#### Work request
For this exercise, copy exactly only the lines from the one containing "반면 미국 통신사인 버라이즌(7.1%), T-모바일(6.7%), AT&T(6.6%)" to the final line of the material below, without the pictures.
========
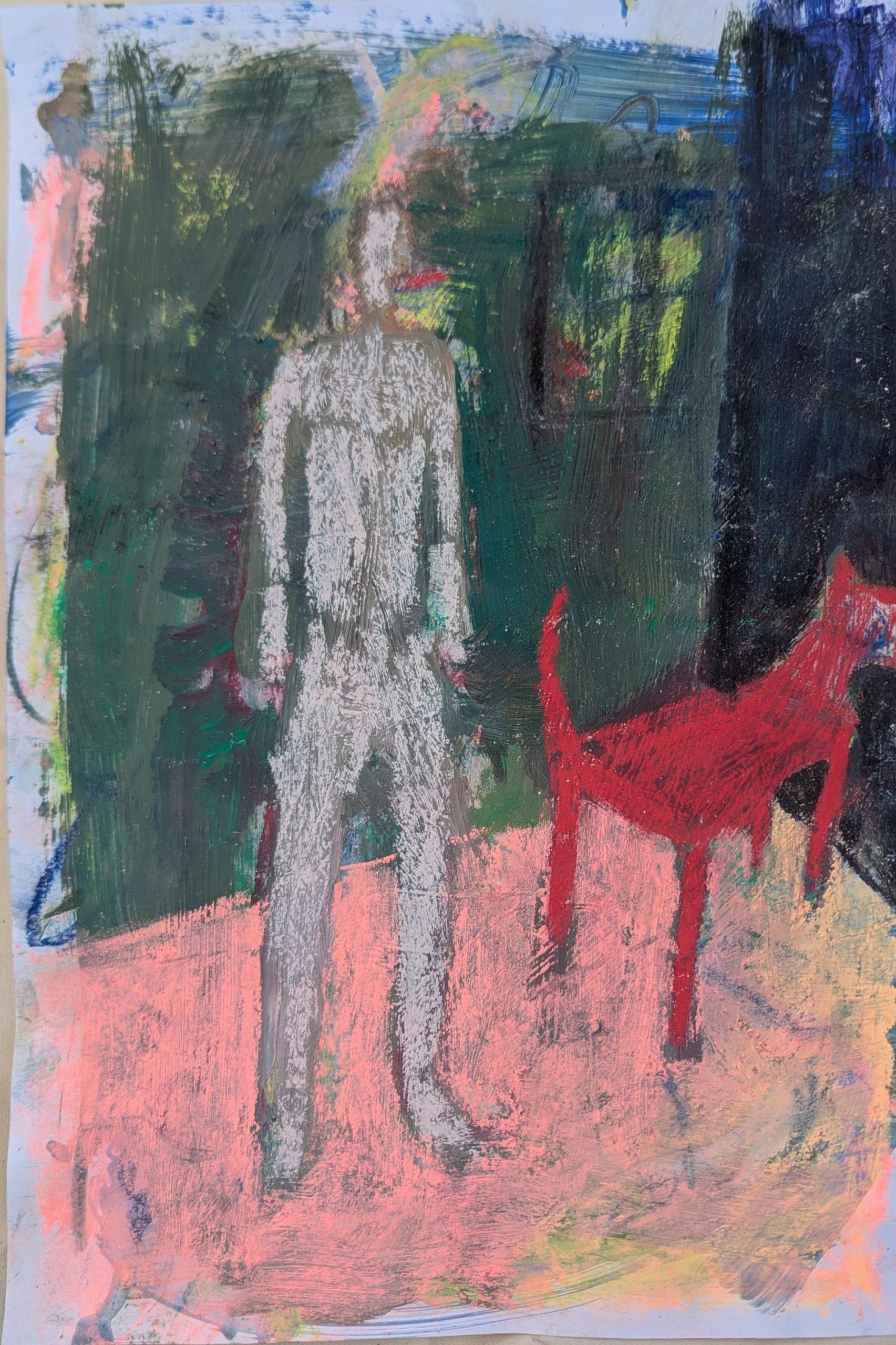 Acrylic paint layered over graphite and chalk
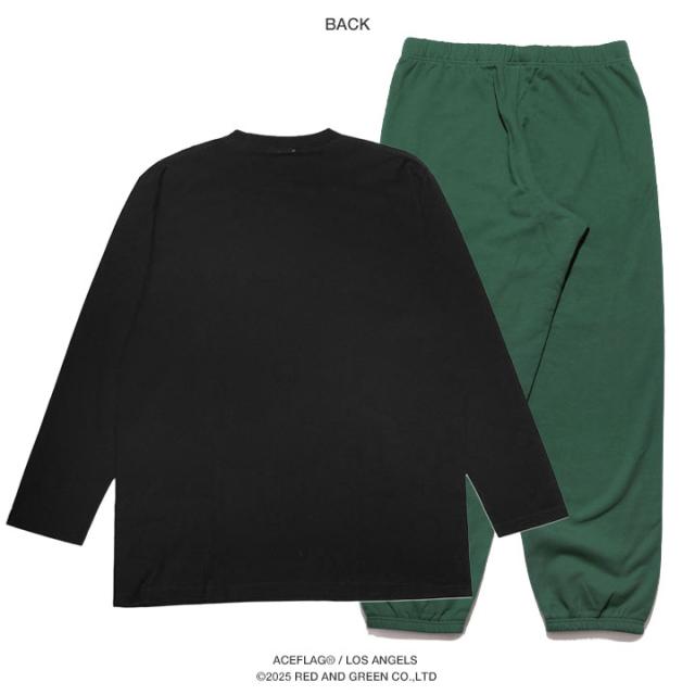 【48%OFF】ACE FLAG 上下セット 長袖 ブランド スケボー メンズ 春秋冬用 黒 大きいサイズ エースフラッグ セットアップ ロンT スウェットパンツ ビッグシルエット 深緑 グリーン 緑系 アメ車 b系 ヒップホップ ファッション ダンス ストリート系 ハイ AF-SE-LT-143
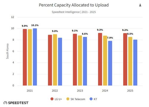 반면 미국 통신사인 버라이즌(7.1%), T-모바일(6.7%), AT&T(6.6%) 등은 한국보다도 낮은 수준을 기록하며 다운로드 편중 현상이 가장 심한 것으로 나타났다.
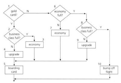 If you are flying with an economy ticket, there is a possibility that you may get upgraded to business class, especially if you hold a gold card in the airline's frequent flier program. If you don't hold a gold card, there is a possibility that you will get 'bumped' off the flight if it is full and you check in late. This is shown in Figure 4.5. Note that each box (i.e. statement) has been numbered.
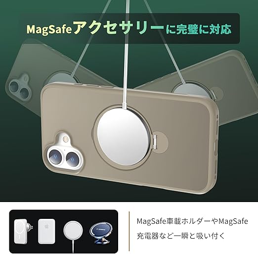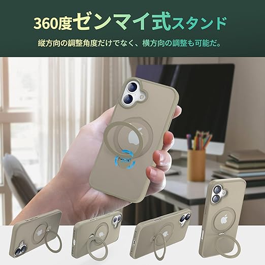 【定点360度回転スタンドとMagSafe兼用】新登場の iPhone 16 plus スタンドケースはユニークなマグネット環とリングスタンドの複合構造のデザインを採用しており、360°回転ベアリングで自由に動かせ、MagSafe充電中でも縦横スタンドが使用可能です。便利な隠れスタンドはケースと一体型になり、360°回転できる機能により、無段階調節で0°から120°までサポートで、横起きあるいは縦起きはもちろん、絶妙なデザインで携帯を自由に多角度を調節でき、 力よくスマホを支えて、映像や読書など
========
#### Solution for this exercise
 반면 미국 통신사인 버라이즌(7.1%), T-모바일(6.7%), AT&T(6.6%) 등은 한국보다도 낮은 수준을 기록하며 다운로드 편중 현상이 가장 심한 것으로 나타났다.
 If you are flying with an economy ticket, there is a possibility that you may get upgraded to business class, especially if you hold a gold card in the airline's frequent flier program. If you don't hold a gold card, there is a possibility that you will get 'bumped' off the flight if it is full and you check in late. This is shown in Figure 4.5. Note that each box (i.e. statement) has been numbered.
 【定点360度回転スタンドとMagSafe兼用】新登場の iPhone 16 plus スタンドケースはユニークなマグネット環とリングスタンドの複合構造のデザインを採用しており、360°回転ベアリングで自由に動かせ、MagSafe充電中でも縦横スタンドが使用可能です。便利な隠れスタンドはケースと一体型になり、360°回転できる機能により、無段階調節で0°から120°までサポートで、横起きあるいは縦起きはもちろん、絶妙なデザインで携帯を自由に多角度を調節でき、 力よくスマホを支えて、映像や読書など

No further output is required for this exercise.